Carmen Cartellieri (born Franziska Ottilia Cartellieri, 28 June 1891 – 17 October 1953), also known as Carmen Teschen, was an Austrian actress and producer.

Early life 
Carmen Cartellieri was born on 28 June 1891, as Franziska Ottilia Cartellieri. She was born in Proßnitz, Austria-Hungary (now Prostějov, Czech Republic), but spent most of her childhood in Innsbruck, Austria. Her father was an engineer. When she was 16, she married Emanuel Ziffer Edler von Teschenbruck, known as Mano Ziffer-Teschenbruk. Teschenbruck was an aristocrat who was originally an artist who later became a director. They had one child together, Ruth (born 1910).

Career 
Cartellieri's early career was developed with help from her husband, Teschenbruck, and Cornelius Hintner, a Tyrolean director in Hungary who used to be a cameraman for Pathé. Cartellieri featured in various Hungarian silent films throughout 1918 to 1919. Her stage name was Carmen Teschen. She acted in her first Austrian film, The Gypsy Girl (1919), directed by Hinter. Supposedly, she cowrote the film. She also starred in Hinter's film, The Strangling Hand/The Hand of the Devil, in 1920. Political situations after the war in Hungary forced her to move from Budapest to Vienna. Carmen was able to become a big star, acting in German-language films during the 1920s.

In 1920, Carmen founded the Cartellieri-Film company with Teschenbruck and Hinter. She also used her surname to suggest she was from Italy. The first production of her company was a comedy directed by Teschenbruck called Carmen Learns to Ski (1920). The Viennese public liked her a lot and chose her as 'the most beautiful actress of Vienna'. The second production of the company was The Strangling Hand/The Hand of the Devil (1920), directed by Hinter.
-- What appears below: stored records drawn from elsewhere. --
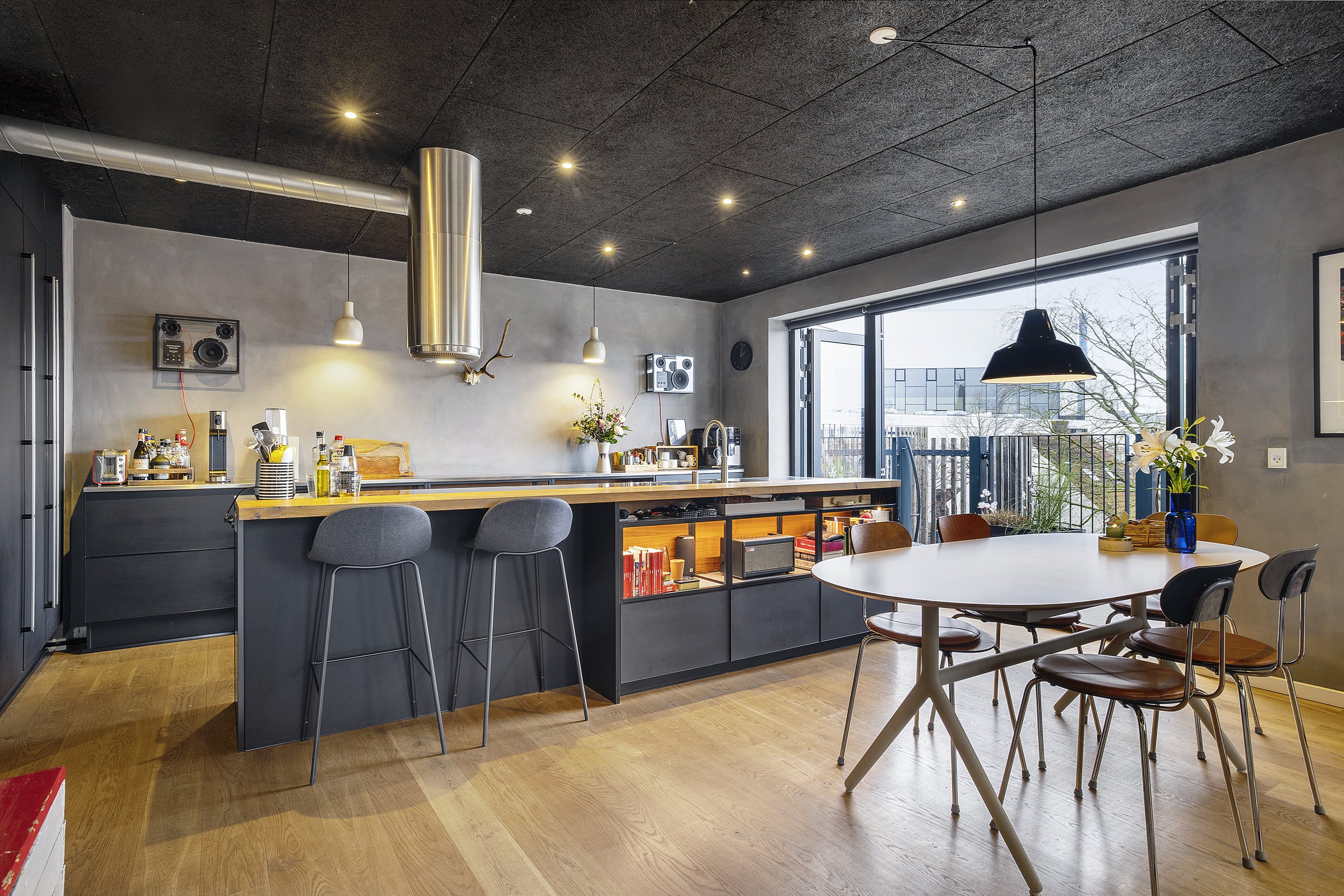 Den topmoderne ejendom stod færdig i 2018, og den danner ramme om i alt ti lejligheder - ni af dem er separate lejligheder, og den tiende er en stor fælleslejlighed på 115 kvm med stort køkken, spiseplads, badeværelser, soveværelser og tv-stue, som alle ni boliger har andel i. Alle lejlighederne er unikke og boligen, som nu kan blive jeres, er der ikke sparet på noget som helst. Boligen strækker sig over en veldisponeret planløsning, hvor der både er plads til samvær og privatliv. Lejligheden har en god placering på øverste etage, og der er selvfølgelig elevator i opgangen. Hoveddøren byder indenfor til et gennemført hjem med flotte gulve, vægge og akustiklofter samt strømlinet interiør, og derudover inviterer de store vinduespartier lysindfald og super udsigt. Planløsningen fordeler sig over en entré, et gæstetoilet, et badeværelse med afsæt til et walk-in-closet, tre møblerbare værelser, en hyggelig, vestvendt stue samt et fantastisk køkken-alrum med videre afsæt til et kontor/musikrum, som på flotteste vis er afskærmet af en new yorker-glasvæg. Prikken over i’et er uden tvivl den store altan, som strækker sig hele vejen langs lejlighedens facade i øst - i sommermånederne vil I uden tvivl sætte pris på at kunne åbne op og på den måde få en glidende overgang mellem inde- og udearealer.
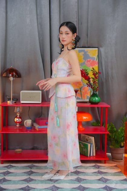 Made of organza, Invisible zipper at back, No pocket, Shorter lining inside
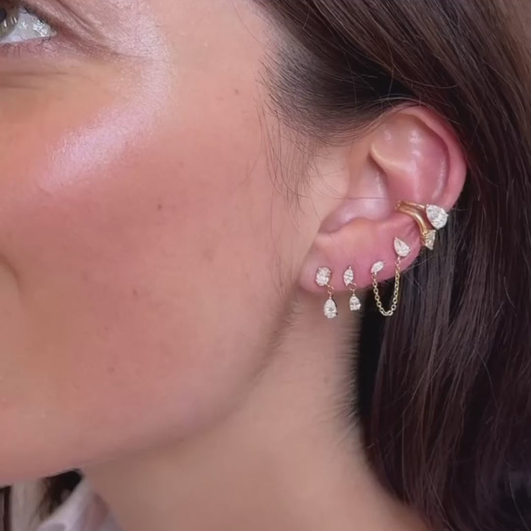 Marquise & Pear Lab-Grown Diamond Convertible Earrings Connector Chain Set 0.60 CTW – 4 Stones | Double Piercing Dangle | 10K, 14K, 18K White, Yellow & Rose Gold | IGI Certified

This film was critically praised for the effectiveness of its narrative and Carmen's performance.

Carmen continued to act in the company's films including The White Death (1921), The Tragedy in the Dolomites (1921), Creature from the Starworld (1922), The Yellow Danger (1922), and The Sin of Inge Lars (1922).

Creature from the Starworld (1922) was directed by Teschenbruk with Carmen, and was the first full-feature length silent film dealing with outer space not adapted from writings by Jules Verne. Carmen also produced Hinter's Die Sportlady (1922), which gave her the "vamp" image. Carmen often preferred to work with Tilde Fogl and Rita Barré, female screen writers, during her acting and producing career.

Carmen won many beauty and fashion prizes from 1921 to 1923 and became more famous than other female film stars such as Liane Haid and Magda Sonja. She starred in Wilhelm Thiele’s Fiat Lux (1923), Robert Wiene’s The Hands of Orlac (1924), and Hans Homma’s Die Puppe des Maharadscha/The Doll of the Maharajah (1924).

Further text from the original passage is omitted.